[Rome in 1860 by Edward Dicey]@TWC D-Link bookRome in 1860 CHAPTER XVI 6/14
Even now, as far as I could see and learn, the desire for Italian unity does not penetrate very low down.
It is the desire, I freely grant, of all the best and wisest Italians, but scarcely, I suspect, the wish of the Italian people.
In truth, Italy at this moment is very much what Great Britain would be, if Scotland, Ireland, Wales and the States of the Saxon Heptarchy had remained to this day separate petty kingdoms, ruled by governments who fostered and developed every local and sectional jealousy.

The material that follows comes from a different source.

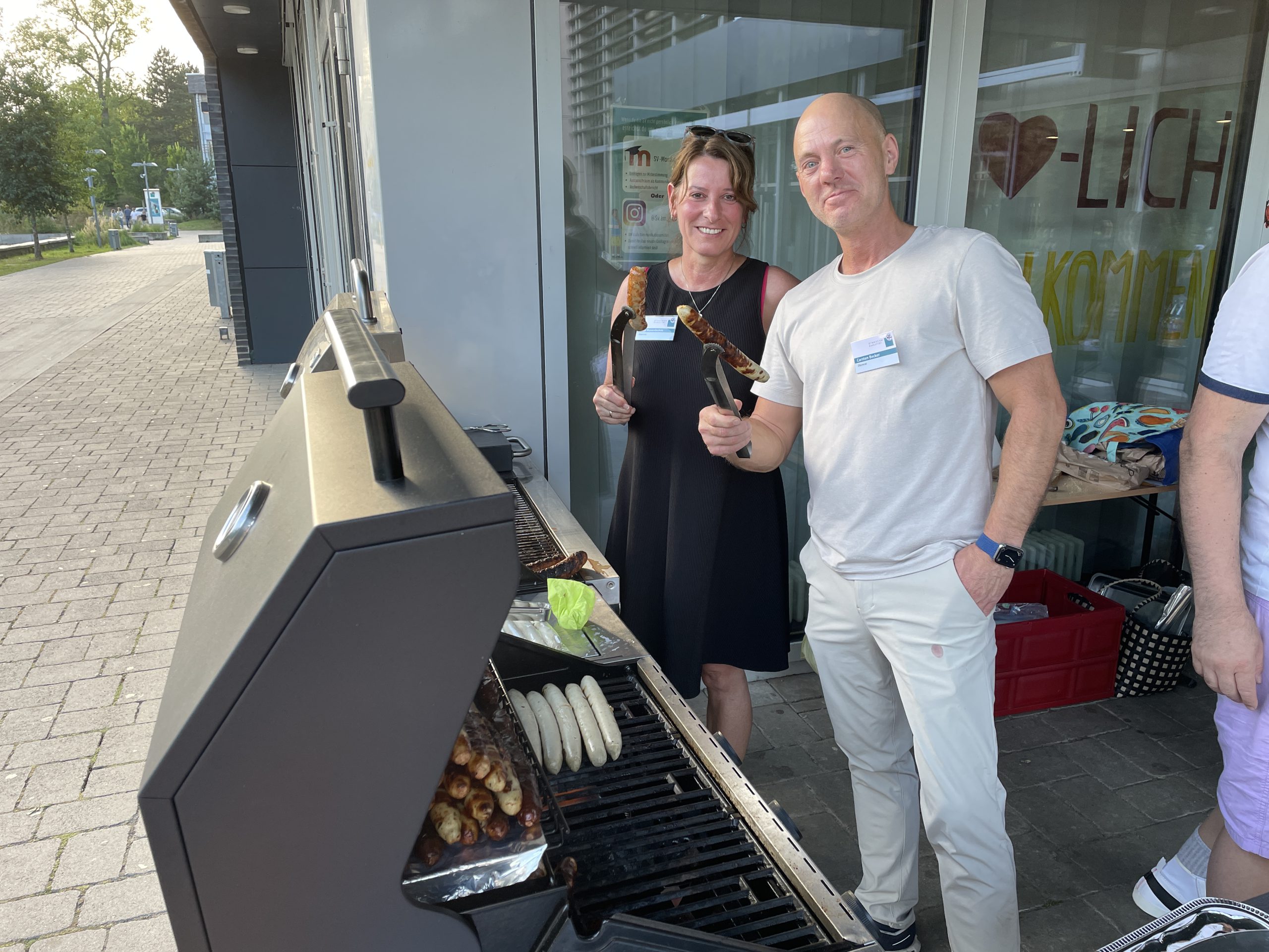 Drei Personen stehen vor einem modernen Gebäude, während eine weitere Person im Vordergrund mit grauen Haaren und einer Brille zu sehen ist. Im Hintergrund sind weitere Menschen und ein Grill zu erkennen. Es ist ein sonniger Tag. Eine Gruppe von Menschen steht an einem Tisch im Freien, um Essen zu servieren und zu genießen. Im Vordergrund sind eine Frau mit langen, lockigen Haaren und ein Junge zu sehen, die Teller mit verschiedenen Speisen halten. Weitere Personen stehen in einer Schlange und unterhalten sich. Die Szenerie wirkt freundlich und gesellig, mit einem modernen Gebäude im Hintergrund. Zwei Personen stehen neben einem Grill. Die Frau trägt ein schwarzes Kleid und hält eine Grillzange, während der Mann in einem hellen T-Shirt steht und ebenfalls eine Grillzange hält. Auf dem Grill sind Würstchen zu sehen. Im Hintergrund sind Fenster und eine Außenansicht eines Gebäudes erkennbar. Drei Schalen mit verschiedenen Salaten auf einem Tisch. Links eine Schale mit einem farbenfrohen, gekochten Salat, in der Mitte eine frische grüne Salatschale mit Tomaten und Radieschen, rechts eine Schale mit Nudelsalat. Ein Servierbesteck liegt in jeder Schale. Der Tisch ist mit einer weißen Tischdecke bedeckt. Vier Frauen stehen an einem Tisch, der mit bunten Schüsseln voller Salate und anderen Speisen gedeckt ist. Die Frauen lächeln in die Kamera und tragen sommerliche Kleidung. Im Hintergrund sind Bäume und ein Gebäude sichtbar. Ein dekoratives Tischtuch mit dem Schriftzug

The broad fact, that for some weeks at Rome we were in utter ignorance whether there had been a revolution or not in the capital of the frontier kingdom, not thirty miles away, and should have been quite surprised if we had learnt anything about the matter, is a sufficient commentary on our state of isolation. This artificial isolation too is increased by a sort of general apathy and almost universal ignorance, which are characteristic of all classes in Rome.
How far this intellectual apathy is caused by, or causes, the material isolation of the city, would be a curious question to determine. The existence, however, of this fact, which none acquainted with Rome will question, constitutes one of the chief difficulties in ascertaining accurate information about facts.